*** Opening RECORD SET ***

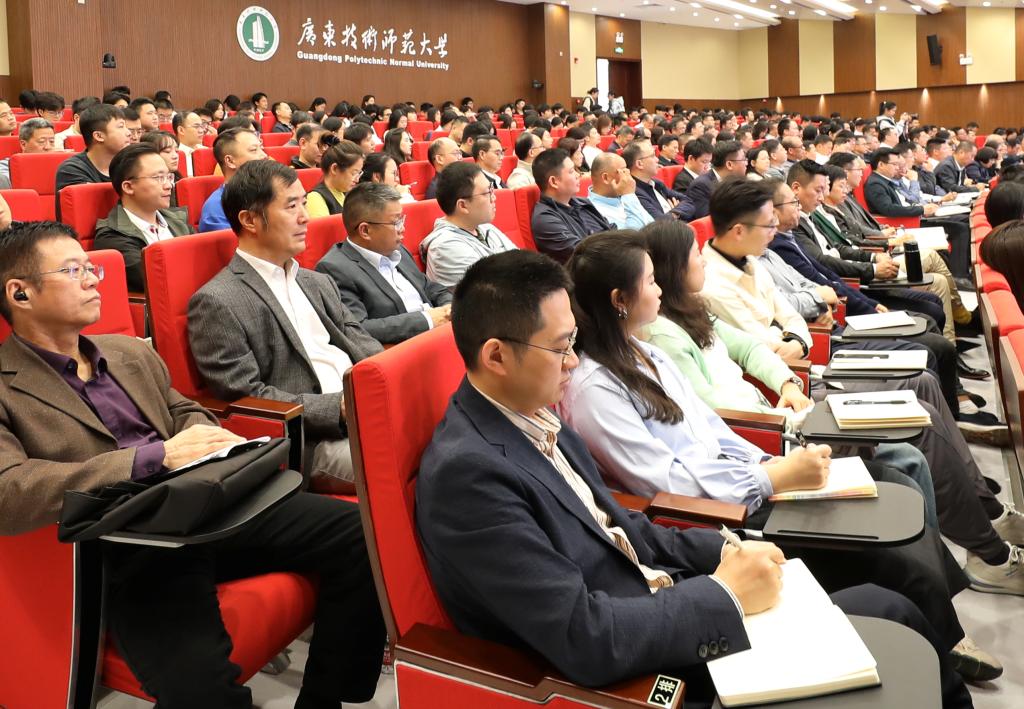 为深入学习党的二十届四中全会精神,推动学习宣传贯彻工作走深走实,11月6日,学校召开学习贯彻党的二十届四中全会精神报告会暨党委理论学习中心组学习扩大会。中国职业技术教育学会会长、教育部原副部长鲁昕受邀作题为《学习贯彻党的二十届四中全会精神 培养适应现代产业体系技术技能人才》的专题报告,学校党委书记王兵主持会议。中国职业技术教育学会副会长宋敏、花景新,中国科学院计算所、深圳职业技术大学技术与职业教育研究所、学会秘书处等相关人员,校领导班子成员、党委理论学习中心组成员、全体中层干部、全体党支部书记、各民主党派主委、统战团体负责人、学生代表等300余人聆听报告。
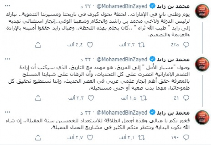 وأكد أن: "وصول "مسبار الأمل" إلى المريخ، هو موعد مع التاريخ، الذي سيكتب أن إرادة التقدم الإماراتية انتصرت على كل التحديات، وأن الرهان على شبابنا المسلح بالمعرفة حقق أهم إنجاز علمي عربي في العصر الحديث، وأننا نستطيع تحقيق كل طموحاتنا، مهما بدت صعبة أو حتى مستحيلة".
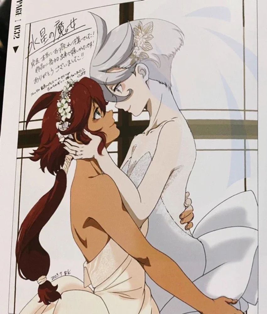 Suletta lifting Miorine in her arms, both wearing wedding dresses
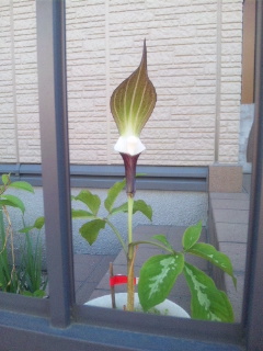 ザゼンソウかと思いきやユキモチソウと書いてありました。パラボラアンテナのような苞?の小さな花。
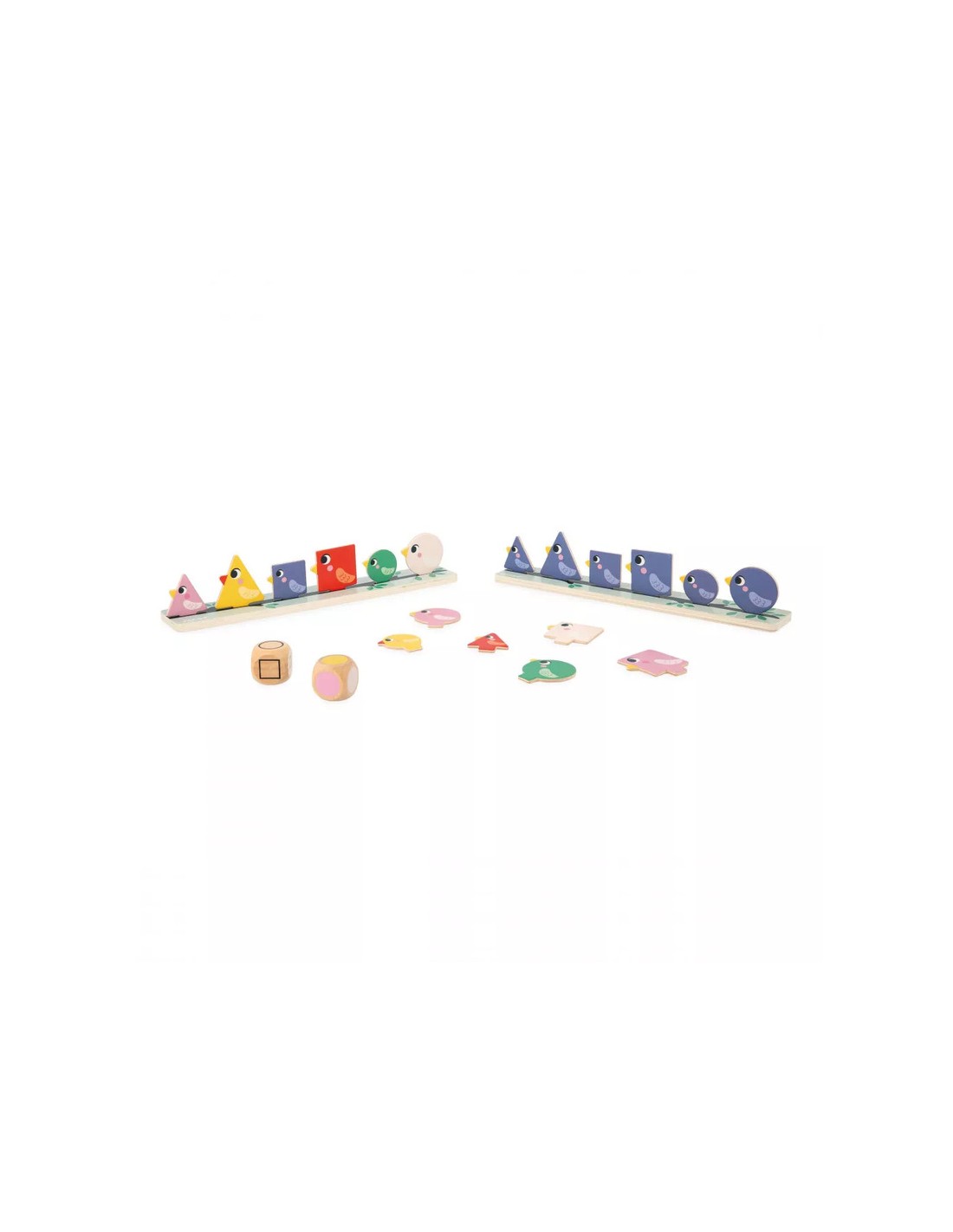 Este juego de clasificación consta de 72 pájaros de madera: cuadrados o redondos, grandes, pequeños, verdes o azules… están todos mezclados, así que hay que ayudarles a encontrar a sus familias. Con los dados, los niños sabrán qué color, forma y tamaño deben buscar. De forma totalmente autónoma podrán cruzar esos datos y posar en la rama los pájaros en cuestión. ¡Es muy práctico porque, gracias a las dos ramas, pueden jugar dos niños a la vez e incluso retarse!

*** Closing RECORD SET ***

▶ _WHAT THE TASK ASKS_
From the records above, copy exactly the stretch from the line holding "Suletta lifting Miorine" through the line holding "ザゼンソウかと思いきやユキモ", both ends included, without the pictures.

▶ _TASK RESPONSE_
 Suletta lifting Miorine in her arms, both wearing wedding dresses
 ザゼンソウかと思いきやユキモチソウと書いてありました。パラボラアンテナのような苞?の小さな花。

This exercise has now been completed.